Records drawn from a dataset
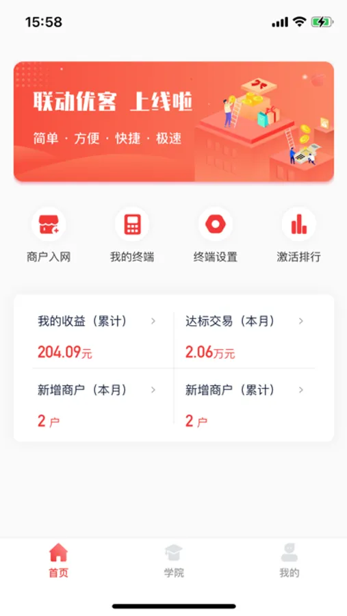 联动优客是一款服务于商户/服务商的APP,通过APP可以进行身份认证、人脸认证、交易查询、收益查询、终端绑定、磁条卡认证,联动优客致力于给用户带来更安全更便捷的使用体验
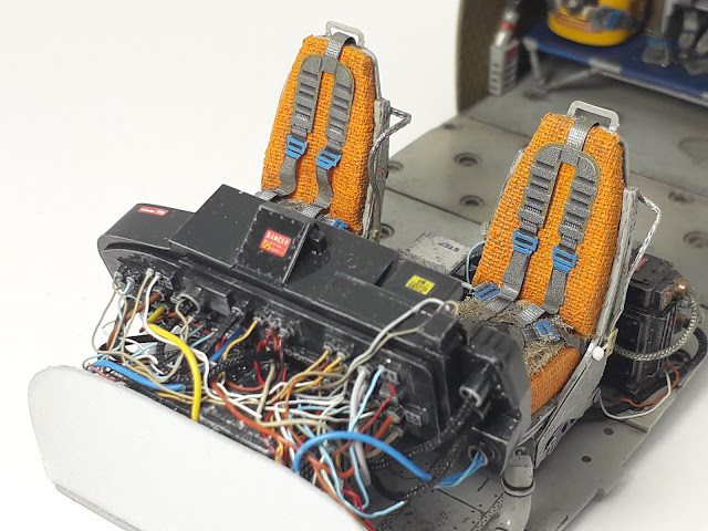 I cuscini sui sedili di pilota e osservatore sono stati ottenuti utilizzando materiale da flocking incollato con colla vinilica diluita ad acqua su una base sagomata di plasticard (in pratica sono peletti sintetici utilizzati nel modellismo civile per ricreare moquette o tappetini di auto).
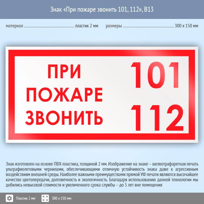 Знак «При пожаре звонить 101, 112», B13 (пластик, 300х150 мм) в Улан-Удэ купить
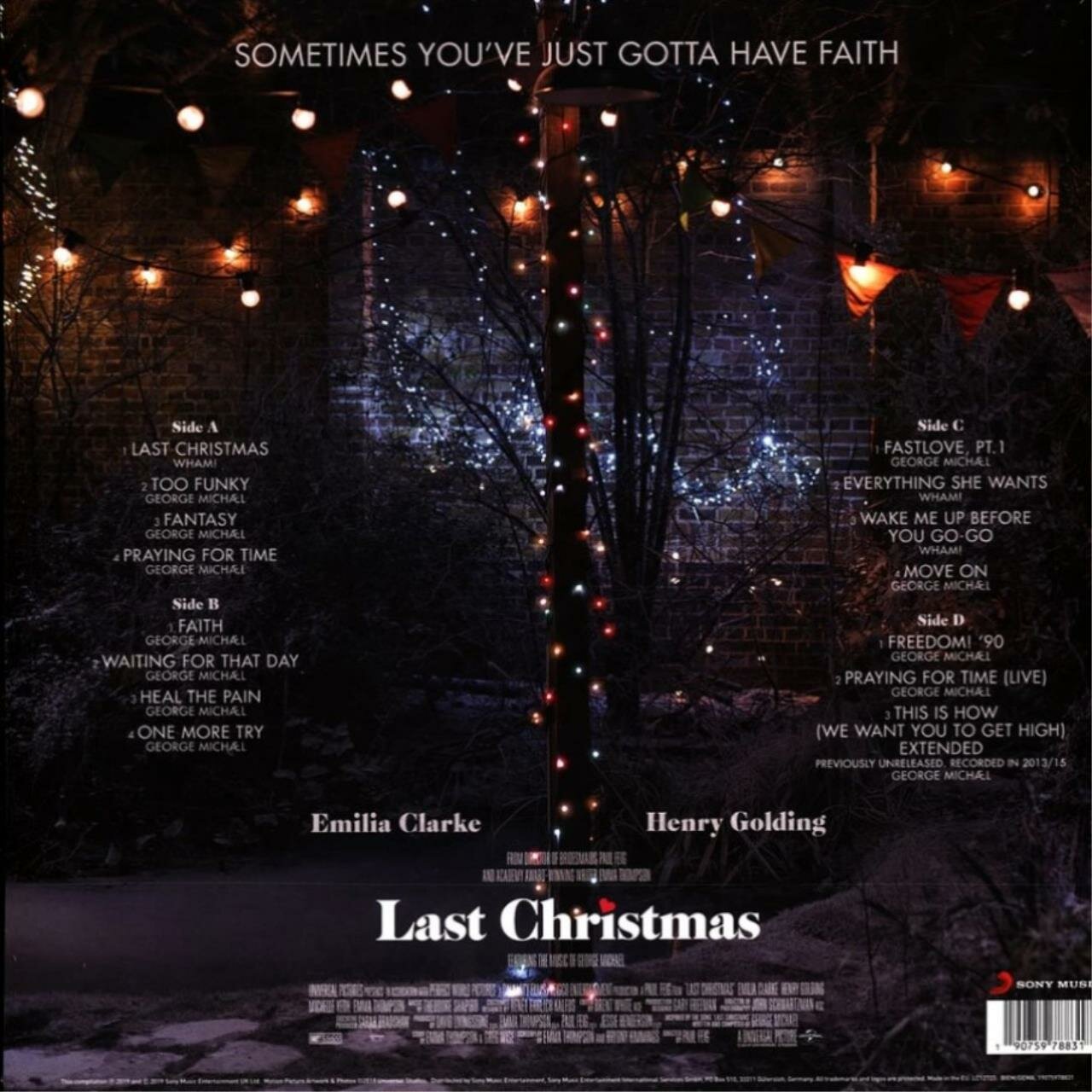 Sony Music с гордостью представляет альбом Last Christmas — саундтрек к долгожданной романтической комедии Universal Pictures «Рождество на двоих», вдохновленной творчеством Джорджа Майкла и группы Wham!. В создании фильма приняли участие режиссер Пол Фиг, автор сценария и обладатель премии «Оскар» Эмма Томпсон, а также Эмилия Кларк («Игра Престолов», Генри Голдинг («Безумно богатые азиаты») и Мишель Йео. В саундтрек-альбом Last Christmas войдут 3 знаменитых песни Wham! (в том числе ‘Last Christmas’ и ‘Everything She Wants’), а также еще 12 композиций Джорджа Майкла времен его сольной карьеры.
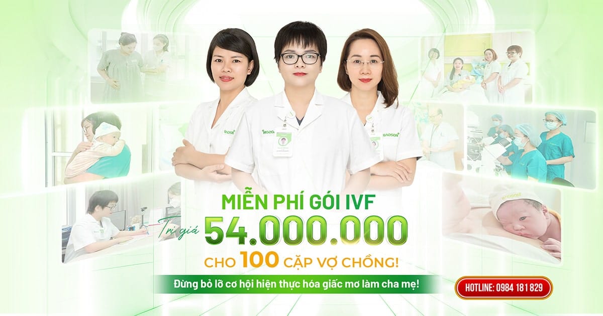 Nhằm hỗ trợ các cặp vợ chồng hiếm muộn có cơ hội hiện thực hóa ước mơ làm cha mẹ, Trung tâm IVF Bảo Sơn triển khai chương trình khuyến mãi đặc biệt MIỄN PHÍ thủ thuật IVF trị giá 54.000.000 đồng. Đây là ưu đãi lớn nhất trong năm, đặc biệt dành cho 100 cặp vợ chồng đầu tiên đăng ký và mở hồ sơ IVF hoặc Mini IVF tại trung tâm.

#### Exercise prompt:
Please restate the lines above exactly, starting at the first line of the data and stopping at the line containing "I cuscini sui", which is included. Omit pictures.

#### Solution to this task:
 联动优客是一款服务于商户/服务商的APP,通过APP可以进行身份认证、人脸认证、交易查询、收益查询、终端绑定、磁条卡认证,联动优客致力于给用户带来更安全更便捷的使用体验
 I cuscini sui sedili di pilota e osservatore sono stati ottenuti utilizzando materiale da flocking incollato con colla vinilica diluita ad acqua su una base sagomata di plasticard (in pratica sono peletti sintetici utilizzati nel modellismo civile per ricreare moquette o tappetini di auto).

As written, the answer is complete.